Stored records

· · · ·

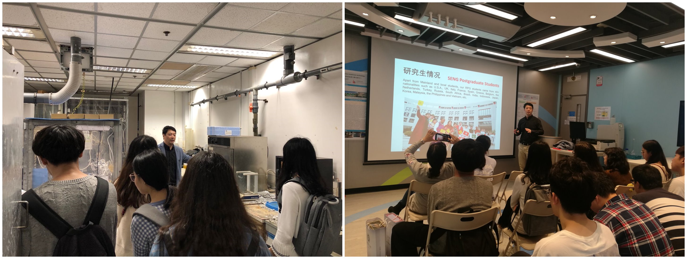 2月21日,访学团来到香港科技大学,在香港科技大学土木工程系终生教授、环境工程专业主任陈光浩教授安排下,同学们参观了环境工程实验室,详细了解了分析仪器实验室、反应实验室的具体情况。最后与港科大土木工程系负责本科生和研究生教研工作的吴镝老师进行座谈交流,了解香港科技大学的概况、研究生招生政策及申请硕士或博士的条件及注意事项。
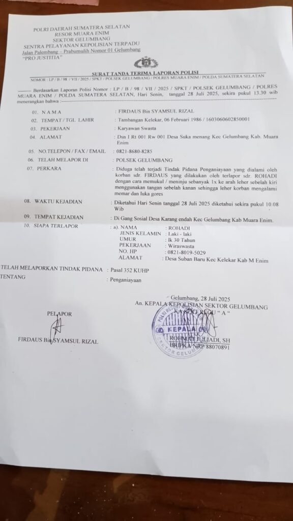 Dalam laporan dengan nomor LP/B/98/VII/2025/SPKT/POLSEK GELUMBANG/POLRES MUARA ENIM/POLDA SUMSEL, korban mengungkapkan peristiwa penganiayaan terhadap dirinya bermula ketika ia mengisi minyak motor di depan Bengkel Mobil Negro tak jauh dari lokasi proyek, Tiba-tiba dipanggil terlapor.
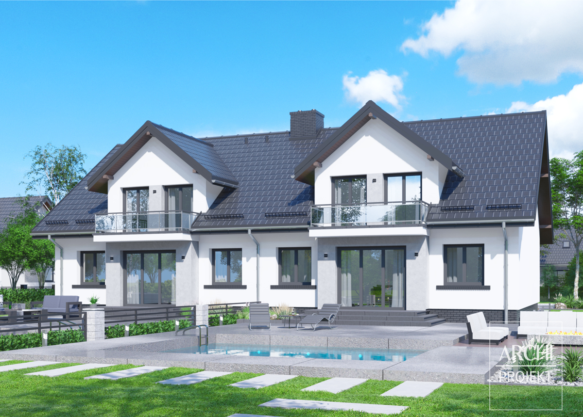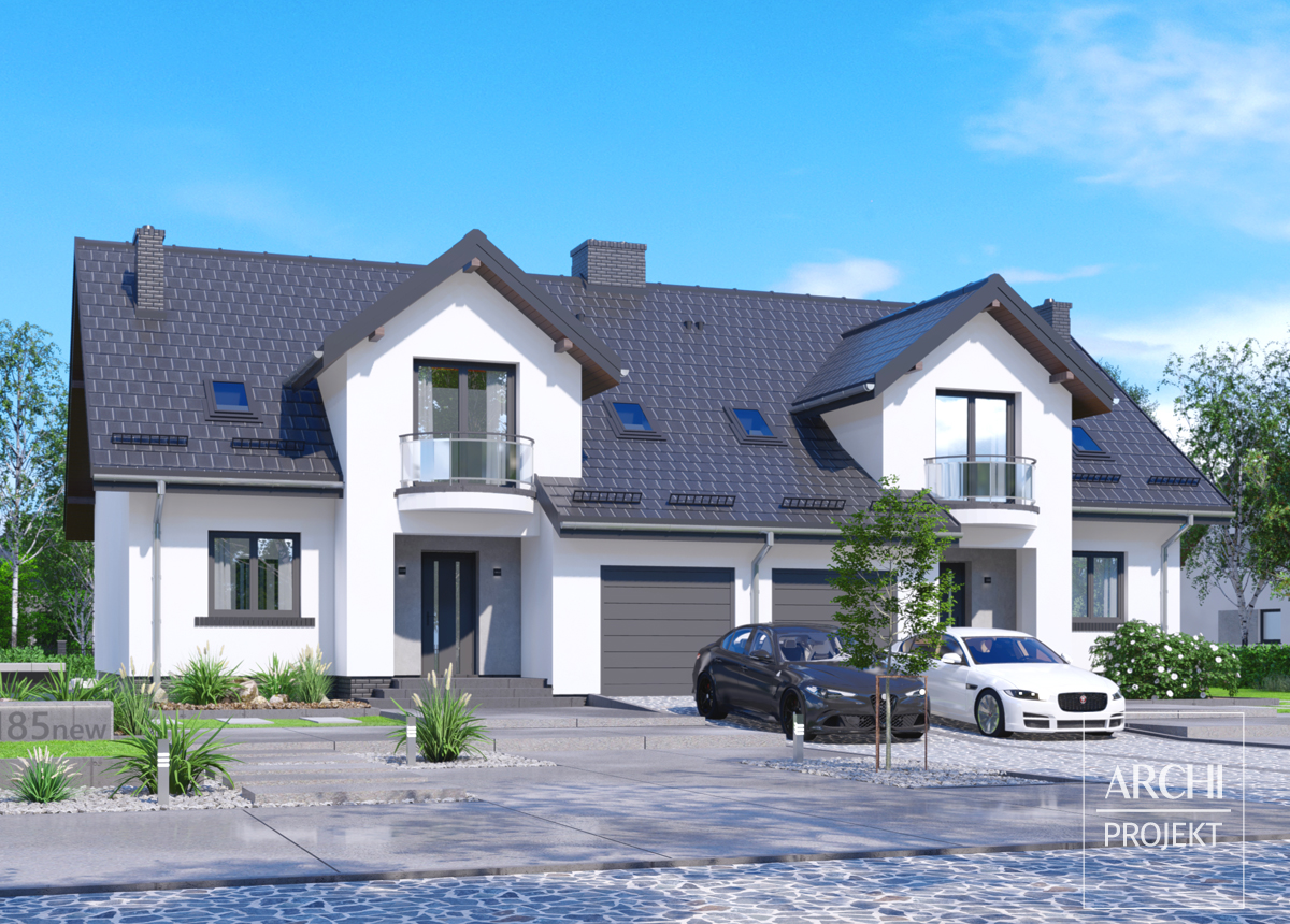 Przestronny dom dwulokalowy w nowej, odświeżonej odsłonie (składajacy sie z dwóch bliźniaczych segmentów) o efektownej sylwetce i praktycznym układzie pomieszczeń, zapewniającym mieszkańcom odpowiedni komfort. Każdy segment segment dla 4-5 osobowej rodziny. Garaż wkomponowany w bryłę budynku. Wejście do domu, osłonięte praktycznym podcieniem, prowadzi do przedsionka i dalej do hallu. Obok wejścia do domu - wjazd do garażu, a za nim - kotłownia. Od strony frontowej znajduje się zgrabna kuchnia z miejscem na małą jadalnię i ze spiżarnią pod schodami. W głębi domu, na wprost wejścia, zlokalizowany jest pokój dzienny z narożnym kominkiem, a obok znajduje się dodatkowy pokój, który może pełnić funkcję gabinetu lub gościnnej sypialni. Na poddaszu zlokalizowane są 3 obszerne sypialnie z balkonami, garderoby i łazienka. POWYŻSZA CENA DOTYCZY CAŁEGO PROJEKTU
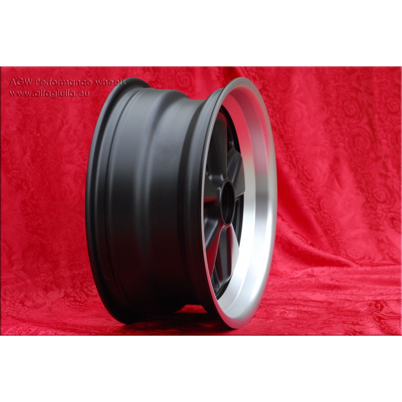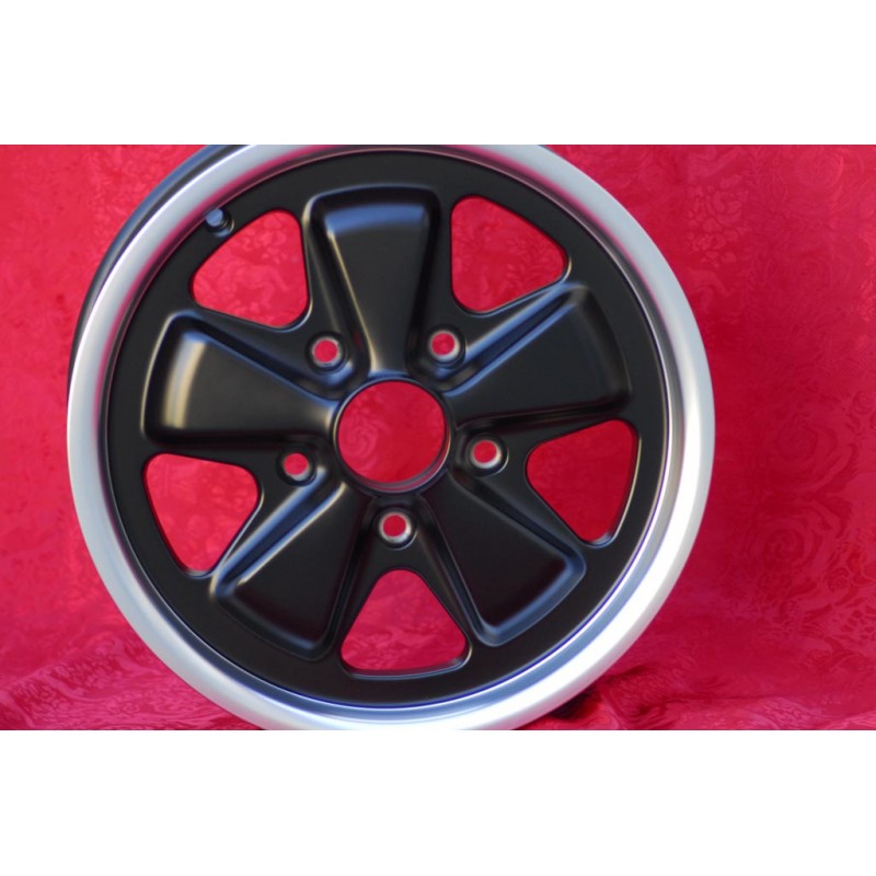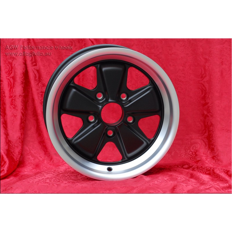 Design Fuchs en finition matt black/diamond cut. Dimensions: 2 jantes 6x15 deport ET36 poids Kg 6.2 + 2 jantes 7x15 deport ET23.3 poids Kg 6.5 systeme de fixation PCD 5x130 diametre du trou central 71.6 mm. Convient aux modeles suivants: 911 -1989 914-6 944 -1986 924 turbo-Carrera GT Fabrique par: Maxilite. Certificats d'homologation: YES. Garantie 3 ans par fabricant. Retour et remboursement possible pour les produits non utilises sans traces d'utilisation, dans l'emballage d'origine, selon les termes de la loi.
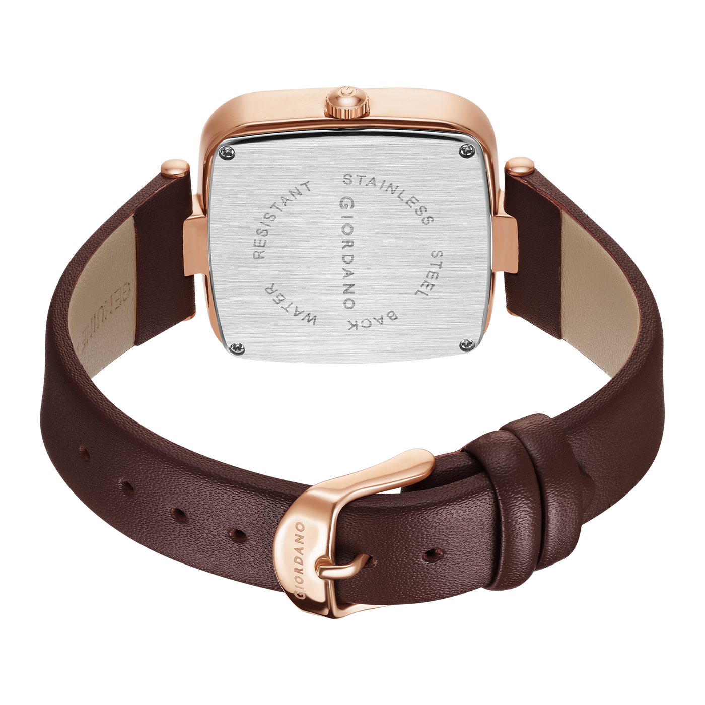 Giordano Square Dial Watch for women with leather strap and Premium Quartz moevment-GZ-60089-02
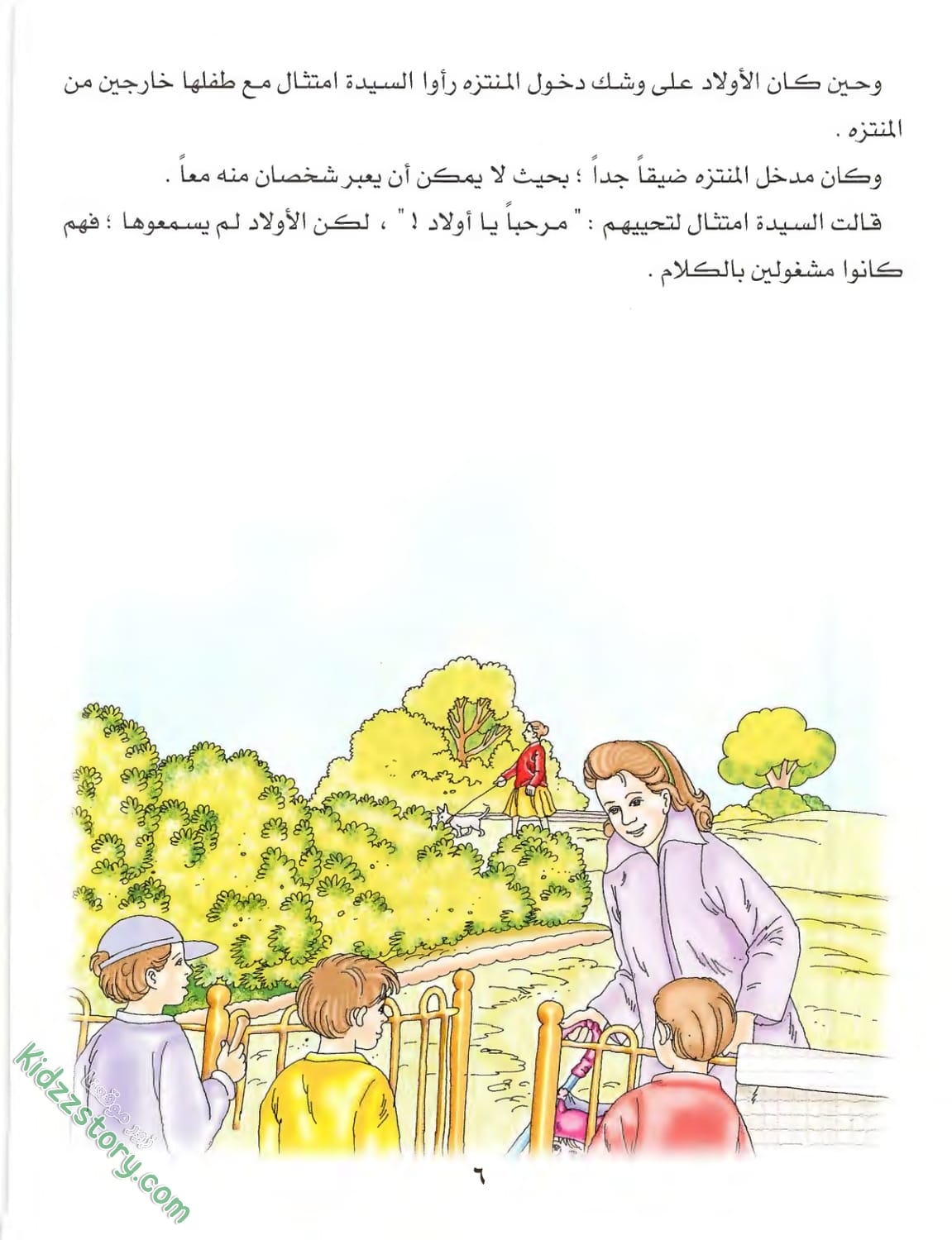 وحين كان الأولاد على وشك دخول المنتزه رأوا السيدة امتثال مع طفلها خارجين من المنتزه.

· · · ·

TASK OBJECTIVE: Set down each entry again exactly as written. Pictures stay out.

TASK RESULT:
 2月21日,访学团来到香港科技大学,在香港科技大学土木工程系终生教授、环境工程专业主任陈光浩教授安排下,同学们参观了环境工程实验室,详细了解了分析仪器实验室、反应实验室的具体情况。最后与港科大土木工程系负责本科生和研究生教研工作的吴镝老师进行座谈交流,了解香港科技大学的概况、研究生招生政策及申请硕士或博士的条件及注意事项。
 Dalam laporan dengan nomor LP/B/98/VII/2025/SPKT/POLSEK GELUMBANG/POLRES MUARA ENIM/POLDA SUMSEL, korban mengungkapkan peristiwa penganiayaan terhadap dirinya bermula ketika ia mengisi minyak motor di depan Bengkel Mobil Negro tak jauh dari lokasi proyek, Tiba-tiba dipanggil terlapor.
 Przestronny dom dwulokalowy w nowej, odświeżonej odsłonie (składajacy sie z dwóch bliźniaczych segmentów) o efektownej sylwetce i praktycznym układzie pomieszczeń, zapewniającym mieszkańcom odpowiedni komfort. Każdy segment segment dla 4-5 osobowej rodziny. Garaż wkomponowany w bryłę budynku. Wejście do domu, osłonięte praktycznym podcieniem, prowadzi do przedsionka i dalej do hallu. Obok wejścia do domu - wjazd do garażu, a za nim - kotłownia. Od strony frontowej znajduje się zgrabna kuchnia z miejscem na małą jadalnię i ze spiżarnią pod schodami. W głębi domu, na wprost wejścia, zlokalizowany jest pokój dzienny z narożnym kominkiem, a obok znajduje się dodatkowy pokój, który może pełnić funkcję gabinetu lub gościnnej sypialni. Na poddaszu zlokalizowane są 3 obszerne sypialnie z balkonami, garderoby i łazienka. POWYŻSZA CENA DOTYCZY CAŁEGO PROJEKTU
 Design Fuchs en finition matt black/diamond cut. Dimensions: 2 jantes 6x15 deport ET36 poids Kg 6.2 + 2 jantes 7x15 deport ET23.3 poids Kg 6.5 systeme de fixation PCD 5x130 diametre du trou central 71.6 mm. Convient aux modeles suivants: 911 -1989 914-6 944 -1986 924 turbo-Carrera GT Fabrique par: Maxilite. Certificats d'homologation: YES. Garantie 3 ans par fabricant. Retour et remboursement possible pour les produits non utilises sans traces d'utilisation, dans l'emballage d'origine, selon les termes de la loi.
 Giordano Square Dial Watch for women with leather strap and Premium Quartz moevment-GZ-60089-02
 وحين كان الأولاد على وشك دخول المنتزه رأوا السيدة امتثال مع طفلها خارجين من المنتزه.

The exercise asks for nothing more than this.